I've restarted Dragon Age three times without really getting that far into it. This is because I kept finding that there were much better ways of doing what I was currently doing. The problem was, every time I did this, I had to go through the same bullshit grind quests again. Thinking about having to go through that bloody cathedral level again actually makes me slightly deppressed.

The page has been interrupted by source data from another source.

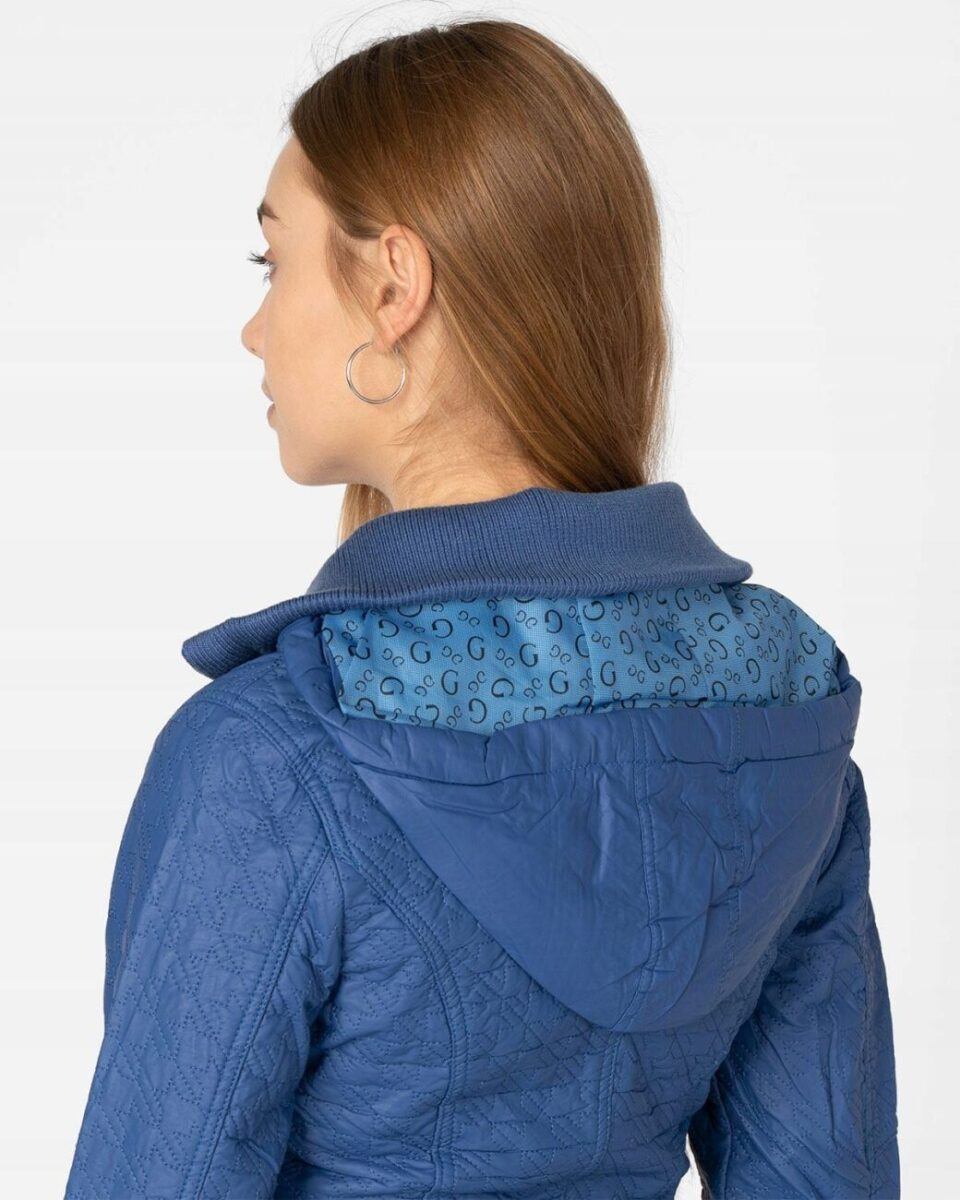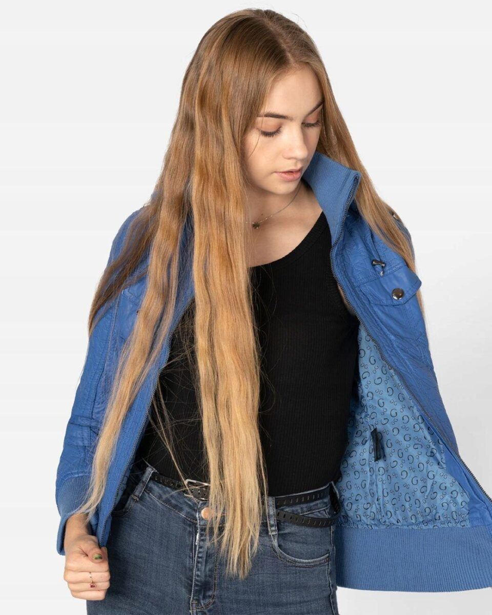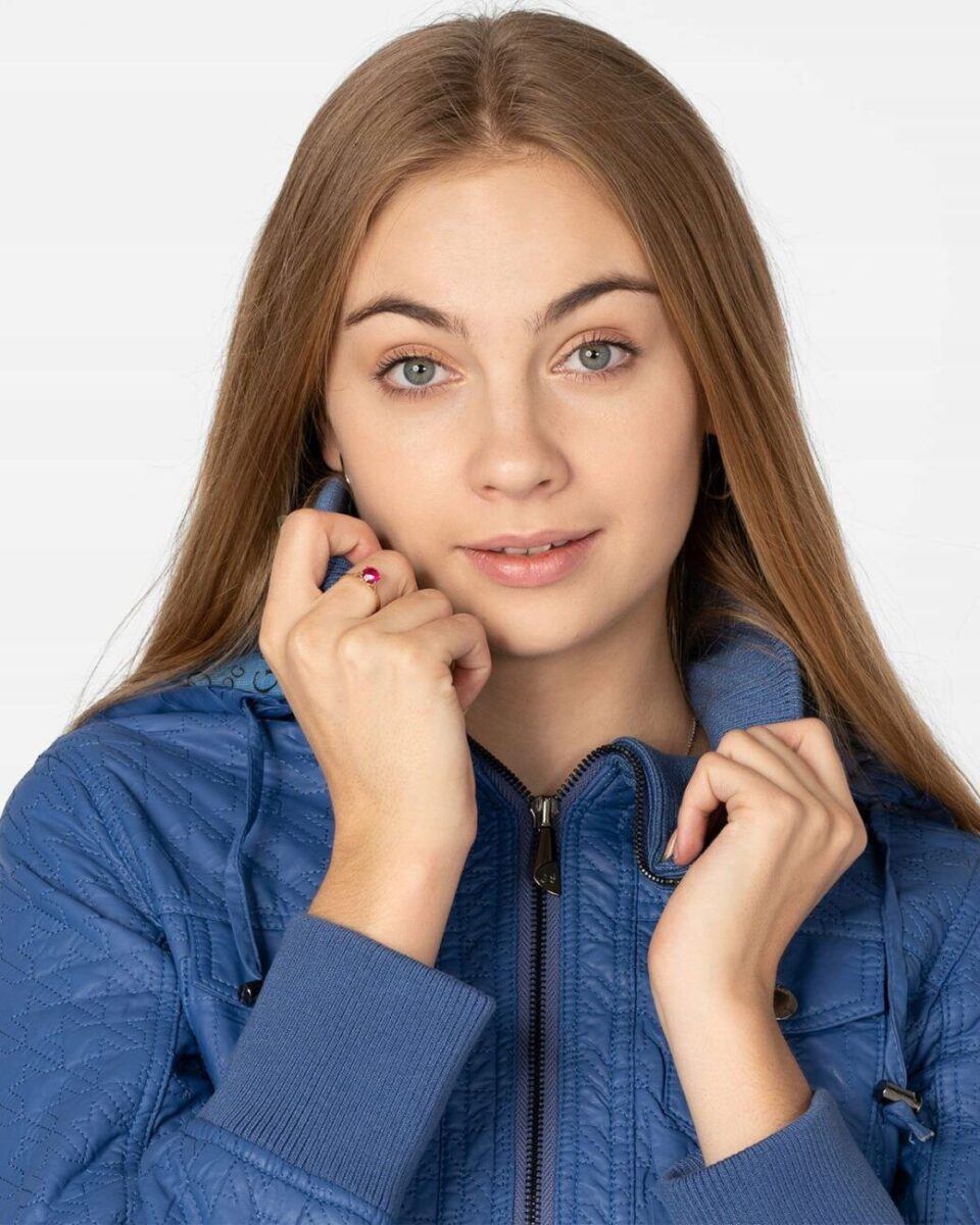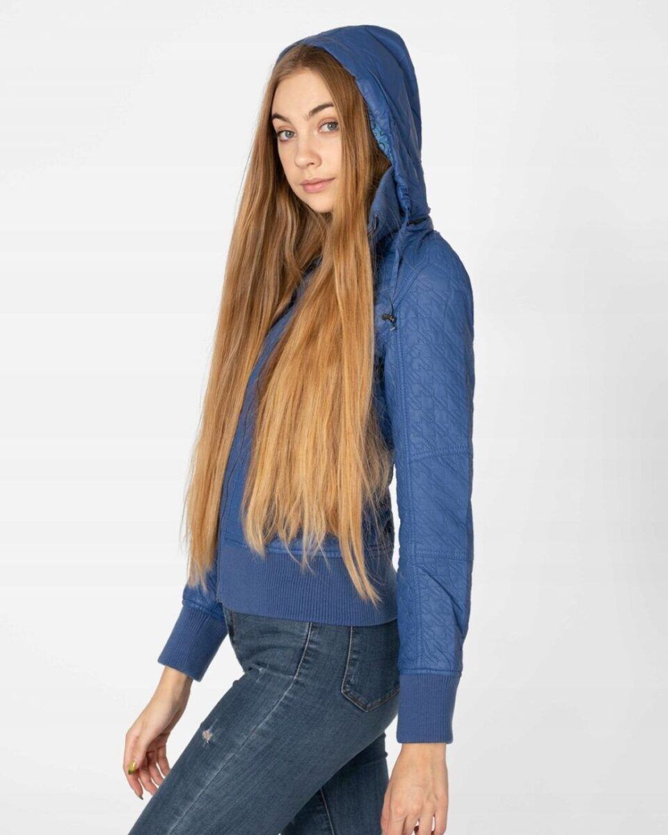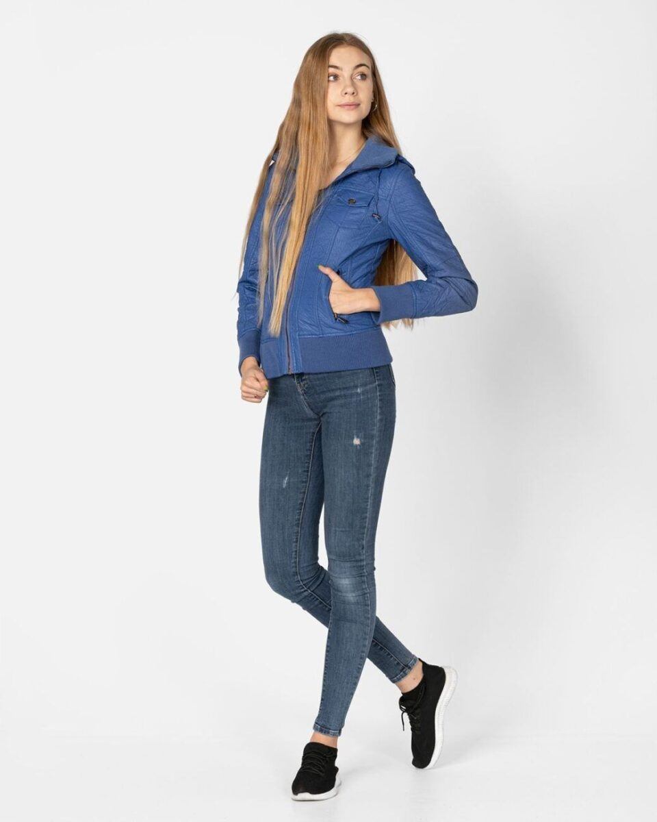 Kurtka jest lekko taliowana i zasuwana w całości na zamek błyskawiczny. Suwaki zasuwają również dwie kieszonki na dłonie na bokach kurtki. Na piersiach dwie małe kieszonki kryte patkami zapinanymi na ozdobne metaliczne napy. Wysoki kołnierz/stójka (z możliwością wyłożenia na boki) zasłania szyję i chroni gardło a często zastępuje nawet szalik co jest bardzo wygodne i skutecznie chroni przed zimnem i wiatrem. Praktyczny kaptur jest odpinany na zamek błyskawiczny i posiada możliwość regulacji wielkości i dopasowania za pomocą materiałowej tasiemki z metalowymi stoperami. Wewnętrzna strona kurtki wykończona jest materiałową podszewką. Wykonana z miękkiej, ozdobnie pikowanej skóry ekologicznej do złudzenia przypominającej prawdziwą skórę. Materiał zewnętrzny jest wiatroszczelny i wodoodporny zapewniając wygodę i komfort użytkowania nawet w mniej sprzyjających warunkach pogodowych. Talia zgrabnie podkreślona szerokim elastycznym ściągaczem efektownie podkreśla kobiecą sylwetkę. Całość tworzy najmodniejszy styl prezentowany obecnie szeroko na modowych blogach.
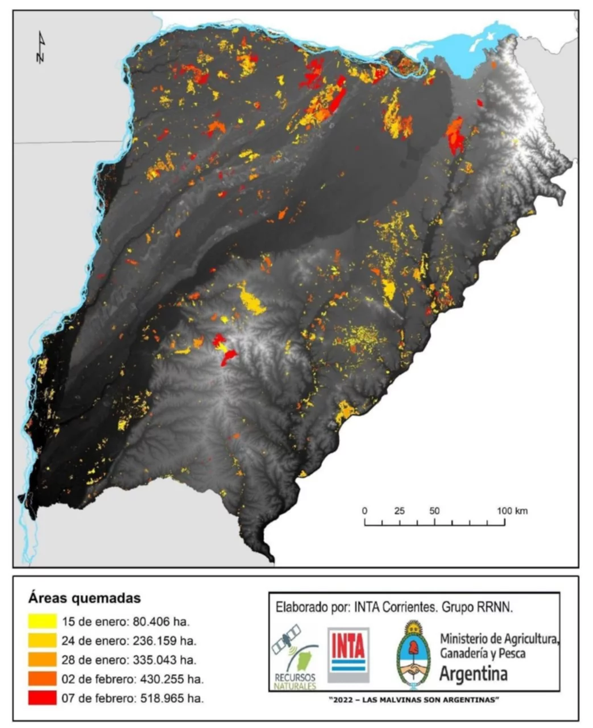 Desde mediados de enero de 2022, el área se incrementó más de 6 veces, pasando de unas 80 mil hectáreas a casi 519 mil al 7 de febrero de 2022, señaló el INTA.
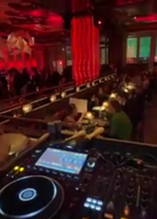 DJ performing in a dimly lit, crowded restaurant. The DJ, a dark-haired man with a beard, stands behind a professional DJ mixer. He wears a black shirt. In the foreground are various buttons and knobs of the DJ equipment, with brightly colored lights. In the background, the restaurant is packed with people sitting at tables. The room has a red ambiance, with red vertical drapes and a ceiling decorated with floral patterns. There's a mezzanine level visible where more patrons are seated. The atmosphere appears lively and social.
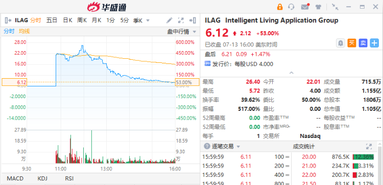 中国机械锁制造商Intelligent Living Application Group(ILAG)上市首日收涨53%,开盘之初暴涨450%,开盘价为22.01美元,IPO定价为每股4美元,首次公开发行506万股普通股。Network 1 Financial Securities担任本次发行的唯一账簿管理人。
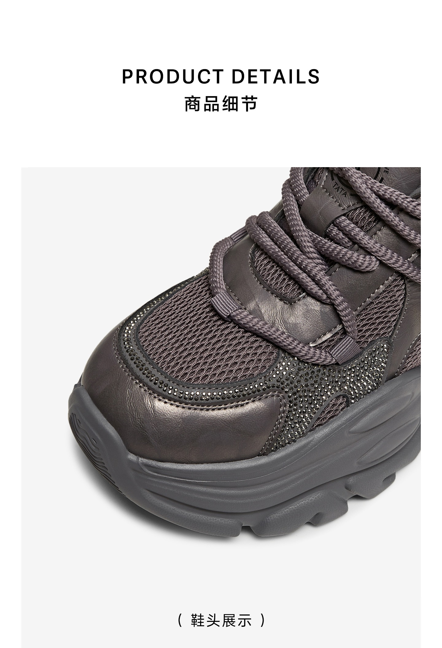 他她(Tata),品牌成立于2003年,致力为都市年轻人群提供时尚潮流、具有性价比的鞋履产品。十五年来“踏踏”的着地声,寓意都市白领元气满满的生活,如时尚“伴履”的TATA一直陪伴左右、伴随走出TATA的时尚步伐。2017年TATA美丽蜕变,TATA STAR元素的加入预示品牌将成为闪亮、前端的时尚鞋履品牌。
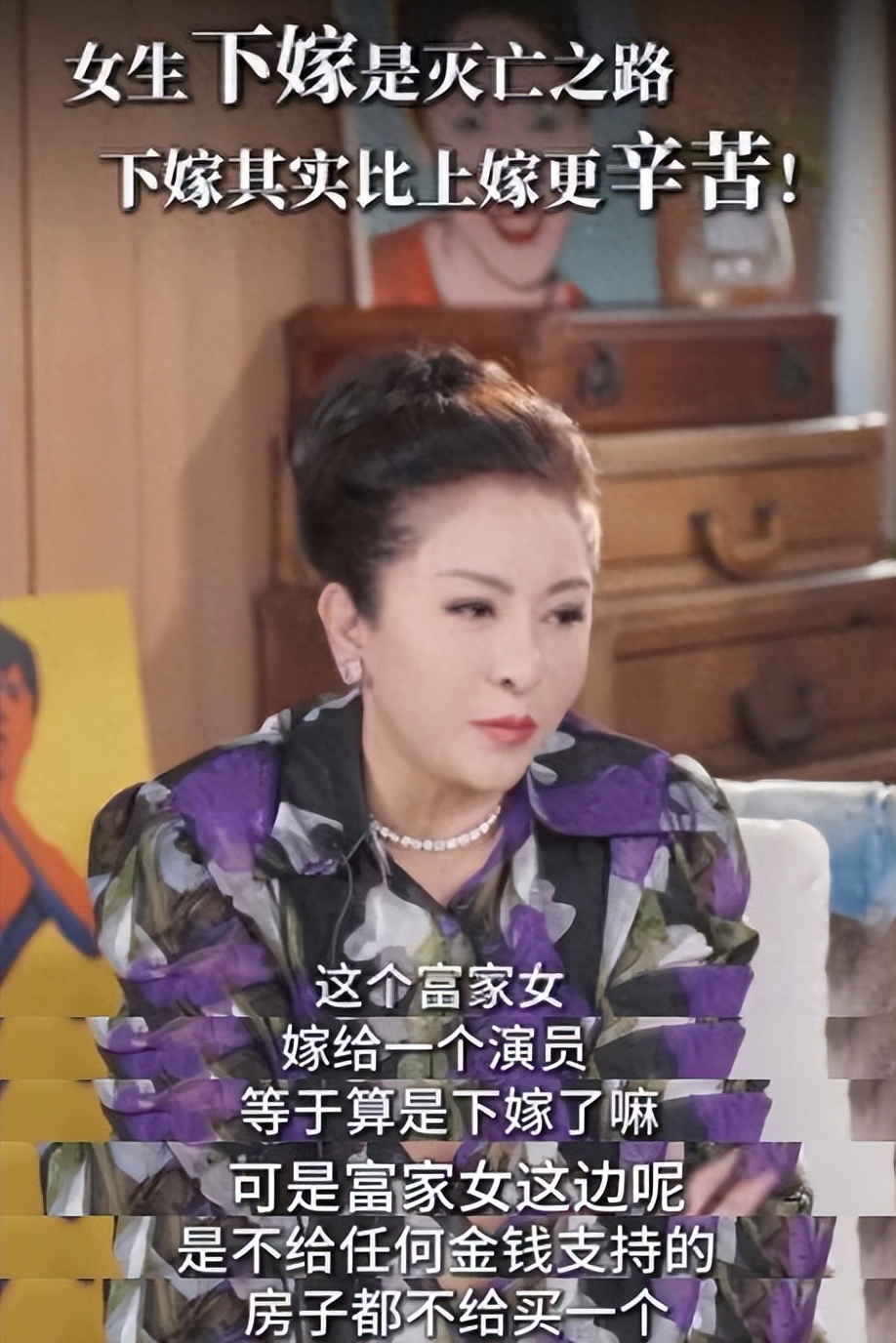 在说出富家女和男明星的事情之前,向太先提醒女孩们不要下嫁,直言下嫁就是自取灭亡,比上嫁还辛苦。
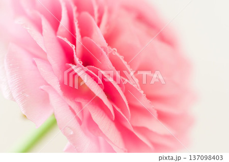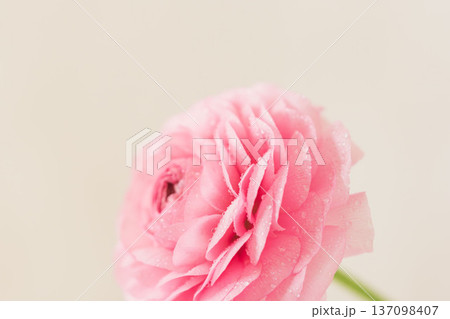 水滴の付いたピンク色のラナンキュラスの花をベージュ背景でマクロ室内撮影07
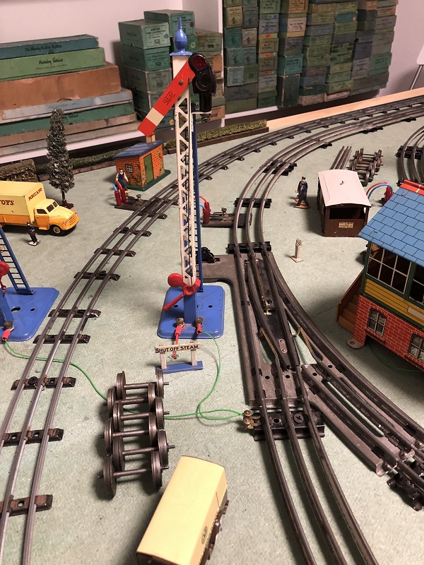 I like the tiny details of the vintage Hornby 0-gauge range. The electrical accessories, such as the No. 1E Single Arm Signal and the 2E Signal Cabin, are connected to the rails using the original Hornby earthing/bonding clips. For the Track Connecting Plates, I use the original red Meccano plugs.

The problem is, Dragon Age is half briliant. And half shit. If it wasn't as grindy, if it wasn't so fucking massive it would be a classic, there's not doubt about that. That said, I will stick with it because when it's good, it's marvelous. Time will tell what side of the fence I fall on.
Origins.
I have swayed between loving this game and hating it so many times over the past week that I honestly don't know what to think any more.
Let's go through it.
Marvelous!
Gritty Origin Stories
I've played through three of the six origin stories and they all have a real depth to them. There's real human emotion and the definite feeling that the world of Dragon Age is brutal and unforgiving. The Dwarven Noble origin especially is a world where avarise and honour are ever present and constantly vying for a place in your characters mind.
Shoddy!
Contrived Origin Stories
Sadly, at the end of every origin story, you have to join the Grey Wardens (the jedis) so the main plot can start moving. This can can be fantastic (as in the Dwarven Noble origin) but when I played through as a mage, he just turned up and Deus Ex Machina'd me out of a ridiculously contrived crisis.
Marvelous!
The Combat
The combat is very well done - it's an updated version of KOTOR's system with many more options like swords and shields, seperate skill trees for duel weapons & two handed greatswords. It's also the first RPG I've played where it's the most fun to play as a mage.
Shoddy!
The Grind
So I've liberated a castle from undead creatures and have been sent off to go and get a sacred thing to cure some chap who needs curing. I then found this cure was in a Cathedral. I cleared out the Cathedral, fully expecting the cure to be somewhere therin. It wasn't. It wasn't in the catacombs under the cathedral either. It was in the natural tunnels at the end of the catacombs. Each of these bloody areas was absolutely fucking massive. There is a line between making levels a decent length and game-expanding padding. Dragon Age can't even see this fucking line it's so far past it.
Marvelous!
The Characters
Are all briliantly scripted and acted. You're also given genuine moral dilemas which your NPC mates will help you with.
Shoddy!
The main story
I blogged earlier about how fantasy is usually shite because the villains lack complex motivation. That's especially true in Dragon Age. There's some sort of horde of evil thingies that is coming to kill everyone. Despite the fact that they are wiping entire towns off the map, you have to go around convincing everyone to help you fight them. This is bullshit. These guys know it's unite or perish, so why is it so fucking hard to convince them? Thankfully the sub plots and complex characters you come across during each exercise in painfully slow diplomacy are interesting enough to make you forget the fucking stupid reason why you're there but it keeps popping back up and biting you on the nose like a rake in the grass with a snake attatched to it.
Overall!
I've restarted Dragon Age three times without really getting that far into it. This is because I kept finding that there were much better ways of doing what I was currently doing. The problem was, every time I did this, I had to go through the same bullshit grind quests again. Thinking about having to go through that bloody cathedral level again actually makes me slightly deppressed.
The problem is, Dragon Age is half briliant. And half shit. If it wasn't as grindy, if it wasn't so fucking massive it would be a classic, there's not doubt about that. That said, I will stick with it because when it's good, it's marvelous. Time will tell what side of the fence I fall on.